Bij pleidooi in eerste aanleg (pleitnota randnr. 29) heeft Betsoft gesteld haar auteursrechten - waarmee in het licht van het geschil bedoeld moet zijn: auteursrechten op het Expandicon-effect - te hebben geregistreerd, onder meer in de Verenigde Staten, ten bewijze waarvan zij als prod. 1 heeft overgelegd een email welke betrekking heeft of zou hebben op een uittreksel uit de catalogus van het Amerikaanse Library of Congress. Afzender is het Copyright Office van de Library of Congress.

Het uittreksel vermeldt als type: Computer File, registratienummer [registratienummer 1.], titel Expandicon, beschrijving: Electronic File (eService), auteursrechthebbende Betsoft Gaming Ltd, en als jaar van vervaardiging en publicatie 2009. Bijlagen zijn niet bijgevoegd.
Feitelijk kan hieruit niet meer worden afgeleid dan dat Betsoft in 2009 een computerwerk heeft vervaardigd en gepubliceerd, welk werk zij in 2011 in de VS heeft geregistreerd. Het is een elektronisch bestand en het is op 14 januari 2011 geregistreerd onder een bepaald nummer. Voor het overige blijkt uit dit stuk niets omtrent de inhoud van het gepretendeerde auteursrecht.
Bij deze prod. 1 van Betsoft waren geen bijlagen gevoegd. Het is overigens niet duidelijk of er wel bijlagen bij een dergelijk stuk bestaan, nu het kennelijk enkel een afgedrukt elektronisch uittreksel van een online catalogus betreft.
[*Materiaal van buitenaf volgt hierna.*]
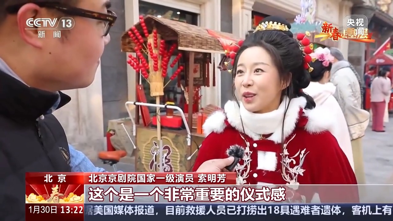 北京京剧院国家一级演员 索明芳:我们叫初一、十五看大戏,就是在过年的时候,这个是一个非常重要的仪式感。我是文保剧社里唯一一个专业性演员,那么可能我比较习惯性的每年只要到了节假日我们都是在工作的状态,但是其实我心里是非常希望能够陪伴孩子以及家人,尤其到了过年的时候,更应该是能够跟家人一起来过,所以我跟家人也说来厂甸找我。
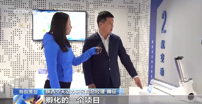 走入陕西空天动力研究院的展厅,这里孵化培育了从航天动力、航天材料、到飞机高端零部件制造等产业链上下游50余家企业。
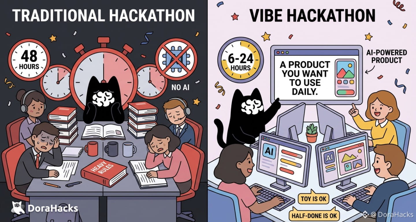 Vibe hackathons could be 6-24 hours, organized weekly or monthly. Failure is allowed. Looking like a toy is allowed. Half-finished is allowed.
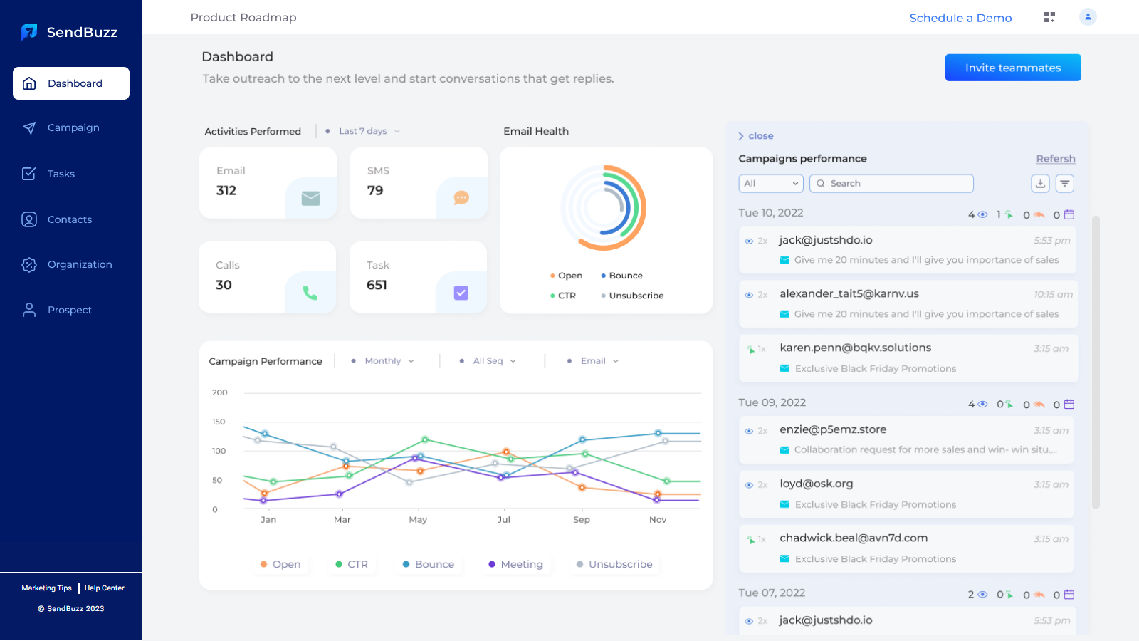 SendBuzz helps organizations and marketers run their cold sales engagement and outreach campaigns. Improve your conversion rate, improve your lifetime value, and bring your customer acquisition cost (CAC) down with effective sales engagement platform.

4.7. Gevolgen van de handelwijze van Betsoft voor de door Bubble gestelde gegronde vrees
4.7.1.Bij de beoordeling van de door Bubble gestelde vrees kan mitsdien van het volgende worden uitgegaan.
- Er zijn, vooralsnog, onvoldoende aanwijzingen voorhanden dat aan het Expandicon-effect van Betsoft auteursrechtelijke bescherming toekomt.
- Ook als dit anders is zijn er, vooralsnog, geen aanwijzingen voorhanden dat er - wat het uiterlijk betreft - sprake is van inbreuk, gepleegd door of met van Bubble afkomstige spellen, op een auteursrecht (betreffende het Expandicon-effect en de concrete uitwerking daarvan) van Betsoft.
- Van inbreuk, gepleegd met software van Bubble, op de (op het Expandicon-effect betrekking hebbende) broncode van Betsoft is niet gebleken.
- Betsoft weet dat er van zodanige inbreuk op de broncode geen sprake is.
- Betsoft legt willens en wetende aan de rechter rapporten voor waaraan gemanipuleerde uitgangspunten ten grondslag liggen.
- Betsoft geeft er blijk van bereid te zijn om derden te benaderen met de stelling dat met van Bubble afkomstige computerspellen inbreuk wordt gemaakt op intellectuele eigendomsrechten van Betsoft, terwijl Betsoft weet dat ofwel van zodanig intellectueel eigendomsrecht, ofwel van inbreuk daarop geen sprake is. Het hof verwijst naar het door Betsoft zelf aangehaalde citaat (mvg sub 23) uit het arrest HR 29 september 2006, LJN AU6098 (Stork-Bakels).
- Bubble schrijft waar ook ter wereld, met het inschakelen van waar ook ter wereld kantoorhoudende advocaten, andere partijen aan en beticht deze van auteursrechtinbreuk als het gaat om spellen welke qua effect ook maar in de buurt komen van Betsofts eigen inzoomeffect, zonder haar eigen acties te vervolgen en zonder te reageren op verzoeken van de aangeschreven partijen om toelichtingen waaruit van het bestaan van het auteursrecht van Betsoft en/of de inbreuk door van Bubble afkomstige spellen kan blijken

4.7.4. Het hof komt dus tot de slotsom dat er een voldoende geobjectiveerde dreiging bestaat dat Betsoft ook in Nederland op onrechtmatige wijze, gericht tegen Bubble, met een auteursrecht en een gestelde inbreuk daarop zal gaan wapperen.
4.7.5. Ten eerste betekent dit dat Nederland aangemerkt kan worden als de plaats waar het schadebrengend feit zich kan voordoen (Art. 5 lid 3 EXVo) en als de plaats waar de schade dreigt te ontstaan (art. 4 lid 1 jo. art. 2 lid 3 aanhef en onder b) Rome II), zodat de Nederlandse rechter bevoegd en het Nederlandse recht van toepassing is.
4.7.6. Ten tweede betekent dit dat nu de door Bubble gestelde vrees voldoende aannemelijk is geworden, een ordemaatregel als door haar gevorderd op zijn plaats is.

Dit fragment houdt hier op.